In the following video I calculate the mutual information for various channels:

How do we use a channel to communicate as much as possible? Let's look at how much information the output of a channel conveys about the input, and then look to maximising that.

So far we have been interpreting the mutual information as the amount by which the uncertainty of the input is reduced by observing the output of the channel. So we have been thinking of the uncertainty of the input as a given quantity out of our control.

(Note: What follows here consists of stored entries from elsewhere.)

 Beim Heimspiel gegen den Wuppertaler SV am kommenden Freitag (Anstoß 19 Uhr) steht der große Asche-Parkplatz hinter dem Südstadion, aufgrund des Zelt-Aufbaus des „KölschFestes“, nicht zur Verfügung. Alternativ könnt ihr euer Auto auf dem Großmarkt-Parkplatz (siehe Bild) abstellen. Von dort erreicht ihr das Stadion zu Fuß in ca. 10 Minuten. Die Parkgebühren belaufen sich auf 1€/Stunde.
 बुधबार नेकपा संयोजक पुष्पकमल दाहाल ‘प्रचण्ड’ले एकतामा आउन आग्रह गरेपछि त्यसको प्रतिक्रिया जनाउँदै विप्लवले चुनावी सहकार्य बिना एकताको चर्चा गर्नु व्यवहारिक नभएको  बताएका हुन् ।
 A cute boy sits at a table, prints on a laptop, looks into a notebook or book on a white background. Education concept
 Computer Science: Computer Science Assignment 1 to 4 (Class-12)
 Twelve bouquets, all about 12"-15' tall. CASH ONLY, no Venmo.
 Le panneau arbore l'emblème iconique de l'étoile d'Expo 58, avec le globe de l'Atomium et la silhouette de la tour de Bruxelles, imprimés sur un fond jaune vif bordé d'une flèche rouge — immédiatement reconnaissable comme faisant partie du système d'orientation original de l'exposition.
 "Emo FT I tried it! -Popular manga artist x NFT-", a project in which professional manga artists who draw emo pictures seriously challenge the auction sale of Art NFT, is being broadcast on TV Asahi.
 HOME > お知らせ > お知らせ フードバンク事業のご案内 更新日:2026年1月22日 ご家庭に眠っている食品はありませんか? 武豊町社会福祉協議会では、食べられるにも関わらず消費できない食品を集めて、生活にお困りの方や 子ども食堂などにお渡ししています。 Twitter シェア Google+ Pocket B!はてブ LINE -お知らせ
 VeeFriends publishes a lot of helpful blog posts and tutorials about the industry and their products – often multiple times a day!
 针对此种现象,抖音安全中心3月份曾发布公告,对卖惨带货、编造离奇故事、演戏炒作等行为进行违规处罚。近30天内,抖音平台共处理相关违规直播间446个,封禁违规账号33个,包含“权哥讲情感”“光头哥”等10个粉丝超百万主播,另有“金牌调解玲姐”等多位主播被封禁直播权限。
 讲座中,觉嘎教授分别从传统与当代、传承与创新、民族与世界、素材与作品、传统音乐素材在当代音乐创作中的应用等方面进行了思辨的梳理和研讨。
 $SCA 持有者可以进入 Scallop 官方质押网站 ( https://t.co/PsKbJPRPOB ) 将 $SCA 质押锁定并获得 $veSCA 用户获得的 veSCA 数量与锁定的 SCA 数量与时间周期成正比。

We can also expand the mutual information as
\begin{equation*}
I(X;Y) = H(Y) - H(Y|X)
\end{equation*}
i.e. How much the uncertainty in the output is reduced on average by observing
the input. Clearly, if we want to communicate effectively we should increase
this. That is, we want as little uncertainty as possible after the use of the
channel, and we can control the probability of symbols we feed into it. The
Maximum of the mutual information over the distribution \(p(x)\) is something
called the *channel capacity*:
\begin{equation*}
C = \underset{p(x)}{\mathrm{max}}\; I(X;Y)
\end{equation*}

Now, for every discrete memoryless channel, Shannon's *noisy channel coding theorem* says:

- Rates \(R \le C\) are achievable with arbitrarily small error, at least in the limit of large code sizes. Intuitively, for large enough blocks a channel will appear like a non-overlapping channel (which is equivalent to a noiseless channel). Note that the theorem does not say
*what*the codes are, it just says they exist. Finding suitable codes is generally hard. - If a certain amount of error probability \(p_\mathrm{err}\) is acceptable, higher communication rates up to \(R(p_\mathrm{err})\) are achievable, where \begin{equation*} R(p_\mathrm{err}) = \frac{C}{1-H(p_\mathrm{err})} \end{equation*}
- For a given \(p_\mathrm{err}\), rates higher than \(R(p_\mathrm{err})\) are not achievable.